L’attivismo del presidente negli ultimi due mesi, con discorsi pubblici sui temi economici e l’annuncio storico del disgelo con Cuba, ha fatto risalire la sua popolarità nei sondaggi. Il tasso di gradimento di Obama torna a sfiorare il 50%, ad un livello che non si registrava dai tempi della campagna elettorale del 2012.

La preoccupazione tra la base progressista è che si tratti di una campagna soprattutto a parole, senza la reale prospettiva di attuare i cambiamenti. Ora che i repubblicani controllano sia la Camera che il Senato le proposte di Obama hanno ben poche possibilità di essere adottate. Quando invece ebbe numeri più favorevoli durante il suo primo mandato, il presidente lavorò all’insegna del compromesso pur di non inimicarsi certe lobby importanti.

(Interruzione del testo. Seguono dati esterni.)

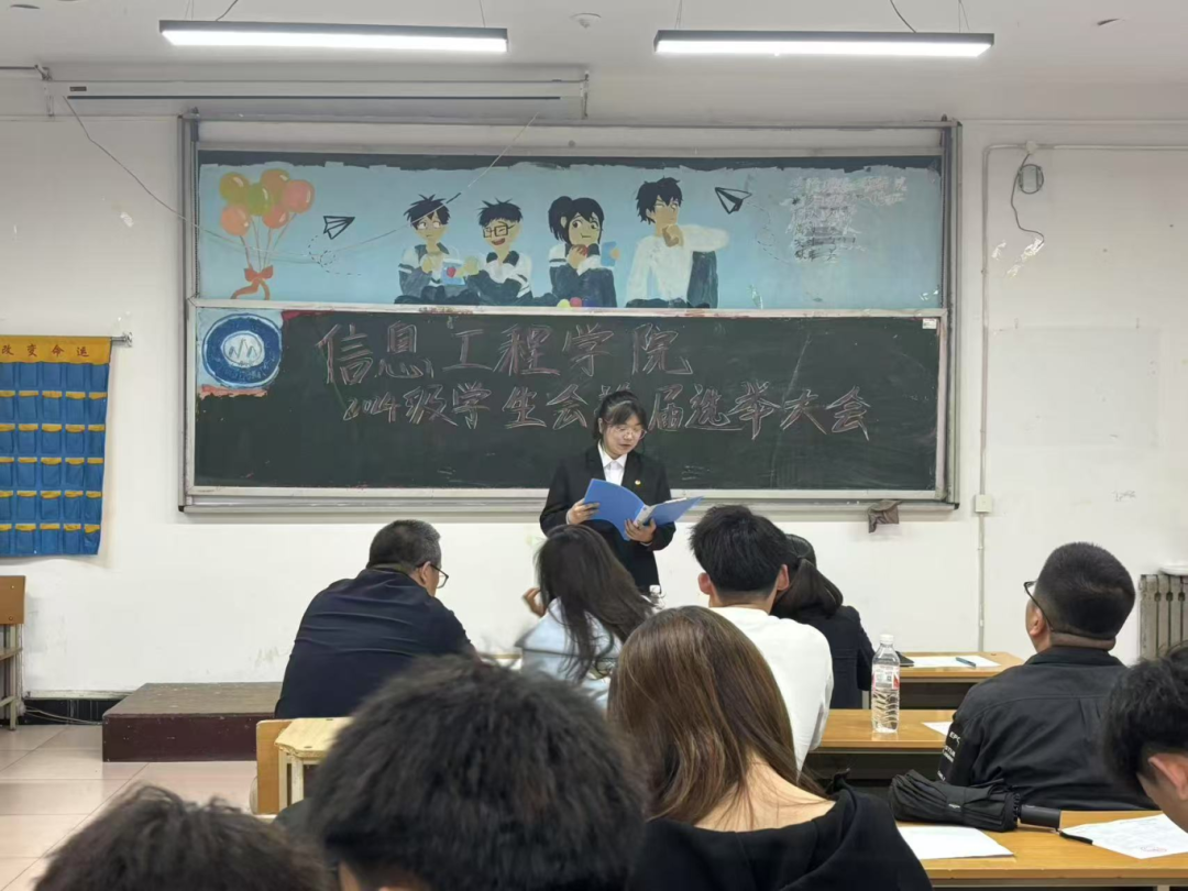 承前启后担使命,继往开来谱新篇。本次换届选举大会的成功举办,为信息工程学院学生会注入了新鲜血液和强劲动力。我们坚信,在学院党总支的坚强领导和团总支的悉心指导下,新一届学生会定能不负众望,团结带领全体学生会成员和广大同学,以更加昂扬的斗志、更加务实的作风,踔厉奋发,勇毅前行,为服务同学成长、促进学院发展贡献青春智慧与力量,共同开创信息工程学院更加辉煌灿烂的明天。
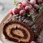 This classic French Bûche de Noël, or Yule Log Cake, is a beautifully rolled chocolate sponge cake filled with a rich, silky bittersweet chocolate and cream cheese filling, covered in decadent chocolate ganache, and decorated with optional sugared cranberries, rosemary, and pistachio soil for a festive presentation. Perfect for holiday celebrations, this cake combines delicate textures and bold flavors with a stunning visual appeal.
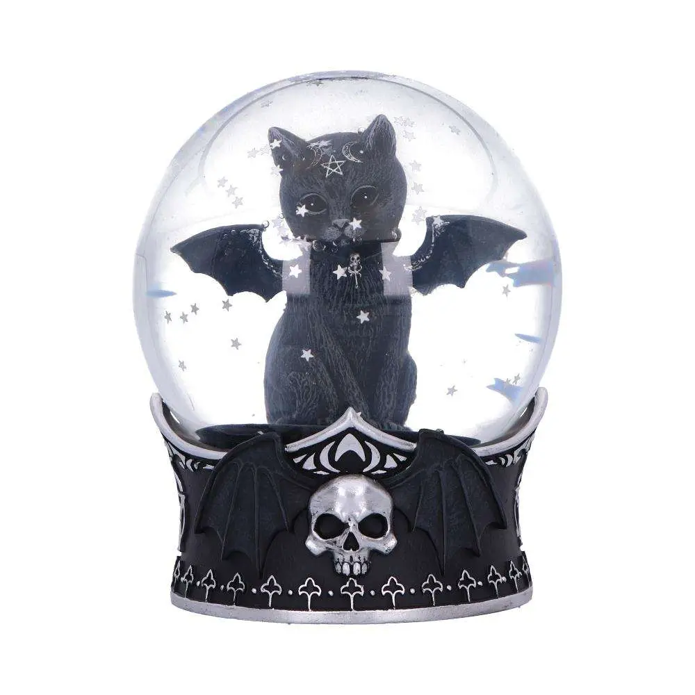 Globo di neve in stile gotico raffigurante Malpuss, il felino occulto alato della nostra esclusiva collezione Cult Cuties. Una base in resina dipinta a mano, un globo di vetro riempito di glitter scintillanti a forma di stella e Malpuss seduto al suo interno. Il globo di neve è confezionato in una scatola ufficiale con marchio Cult Cutie, dotata di un imballaggio interno protettivo, perfetta come regalo o da esporre. Ideale per gli amanti dell’arredamento gotico, del dark fantasy, dei collezionisti di statuette alternative e degli ammiratori dell’arte ispirata all’occulto.

Il caso più evidente è quello di Wall Street, dove la riforma Dodd-Frank non cambiò i meccanismi essenziali della speculazione finanziaria, puntando per esempio a misure molto limitate invece che ad una separazione netta tra le banche commerciali e le banche d’affari come attuato da Franklin Roosevelt negli anni Trenta con la legge Glass-Steagall. E oggi la Casa Bianca nemmeno difende quei pochi cambiamenti che riuscì ad approvare, permettendo al Congresso di annullare quelle norme che non piacciono ad istituti come Citibank e JP Morgan.

Il presidente potrebbe essere accusato di cinismo, in quanto diventa più aggressivo solo quando ha poco da perdere, ma molti sperano di vedere un Obama liberato, finalmente deciso a non farsi condizionare dal pragmatismo di breve termine. Il suo nuovo tono non si tradurrà in successi legislativi, ma servirà ad impostare il dibattito in vista della campagna elettorale per scegliere il suo successore nel 2016.

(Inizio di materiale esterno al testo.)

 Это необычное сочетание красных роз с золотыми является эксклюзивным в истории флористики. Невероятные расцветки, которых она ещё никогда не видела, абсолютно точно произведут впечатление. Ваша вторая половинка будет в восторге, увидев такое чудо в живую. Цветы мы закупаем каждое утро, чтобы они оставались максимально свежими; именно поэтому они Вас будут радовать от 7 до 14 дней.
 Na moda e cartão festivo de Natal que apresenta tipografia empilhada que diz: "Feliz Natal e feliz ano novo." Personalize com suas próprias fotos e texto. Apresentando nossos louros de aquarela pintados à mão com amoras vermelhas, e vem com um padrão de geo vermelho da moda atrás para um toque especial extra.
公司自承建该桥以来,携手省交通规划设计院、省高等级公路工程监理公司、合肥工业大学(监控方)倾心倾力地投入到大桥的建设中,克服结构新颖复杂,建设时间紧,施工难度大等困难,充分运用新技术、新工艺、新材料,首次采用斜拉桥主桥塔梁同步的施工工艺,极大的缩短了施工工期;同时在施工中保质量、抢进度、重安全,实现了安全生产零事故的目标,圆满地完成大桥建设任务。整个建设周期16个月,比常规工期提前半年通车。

Mentre i candidati più graditi all’establishment come Hillary Clinton e Jeb Bush valutano attentamente come navigare tra gli umori popolari, l’ala progressista del partito democratico guidata dalla senatrice Elizabeth Warren batte sui temi della disuguaglianza, i misfatti di Wall Street, la necessità di investimenti veri nelle infrastrutture e nella spesa sociale. Sono temi che piacciono anche ad alcuni repubblicani, per il diffuso malumore di un elettorato deluso dalla risposta delle istituzioni alla crisi economica; rimane la percezione che il governo aiuta i più ricchi mentre la maggior parte della popolazione si deve accontentare delle briciole. Se il presidente seguirà questa linea avrà un impatto non piccolo sulla campagna nei prossimi mesi.

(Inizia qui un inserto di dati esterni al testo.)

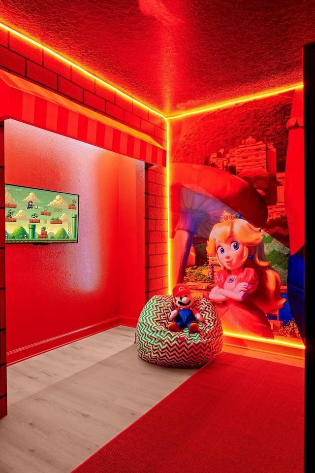 The advertised rate of $9,163/month is the lowest available price, based on a 30 day(s) stay with a move-in date of October 10, 2026. Rates vary depending on the duration of stay, season, and other parameters. For exact pricing and additional pricing components, please visit our website and enter your desired move-in and move-out dates. The rate is applicable when billed upfront; it can be higher if billed in multiple payments. Feel at home in this Storey Lake Resort home, just 7 miles from Disney. This home sleeps 18 and features 6 bedrooms. This home features a Disney Villains movie theater with a 4K projector, reclining chairs, and Dolby 5.1 surround sound, and a Super Mario Bros game room with air hockey, ping pong, a Lego wall, and 2 Xbox 360 consoles. The fully equipped kitchen includes modern appliances, a microwave, toaster, blender, coffee machine, and all essentials. There is a spacious living room with a plush sectional, modern decor, and a 75" Smart TV, and an elegant dining area that seats 8, plus 4 at the kitchen island. Enjoy the convenience of in-unit washers and dryers. Enjoy the private heated pool and spa, with pool heat available for $35 per day. A free BBQ grill is provided. Up to 2 dogs are welcome for a $150 pet fee. Pool heating is required for the entire stay and will be invoiced separately. Located in Storey Lake Resort, this home offers access to top-tier amenities, including a water park with thrilling water slides and a lazy river. It's also minutes from Disney (8 mi), Universal (15 mi), and SeaWorld (10 mi). Excellent restaurants, casual eateries, and a variety of shopping options are a short drive away, including The Loop, supermarkets like Walmart and Target, and local favorites. With quick access to major highways like I-4 and US-192, you can easily reach Orlando International Airport and downtown Orlando attractions. Guests are responsible for refilling the BBQ propane tank as needed. During the winter season (Dec 21 - Mar 20), if the external temperature is too low, the pool heating may not reach expected levels. Please avoid using the pool during cold or rainy weather. Please keep pets leashed outside, crate them if left unattended, and be sure to clean up after them. Includes a dedicated workspace perfect for remote work.

Se a livello interno il presidente si dovrà limitare ad influenzare il dibattito per il futuro, in materia di politica estera il suo ruolo è ben più grande. Ci sono infatti alcune questioni molto importanti che determineranno l’andamento delle relazioni internazionali nei prossimi anni. L’apertura verso Cuba e l’ impegno a chiudere la prigione di Guantanamo – rinnovato nel discorso di ieri sera – indicano la volontà di portare a casa qualche risultato importante prima di lasciare Washington, piuttosto che gestire soltanto le problematiche secondo il copione standard scritto dai neoconservatori e dagli interventisti di sinistra in seno alla propria Amministrazione.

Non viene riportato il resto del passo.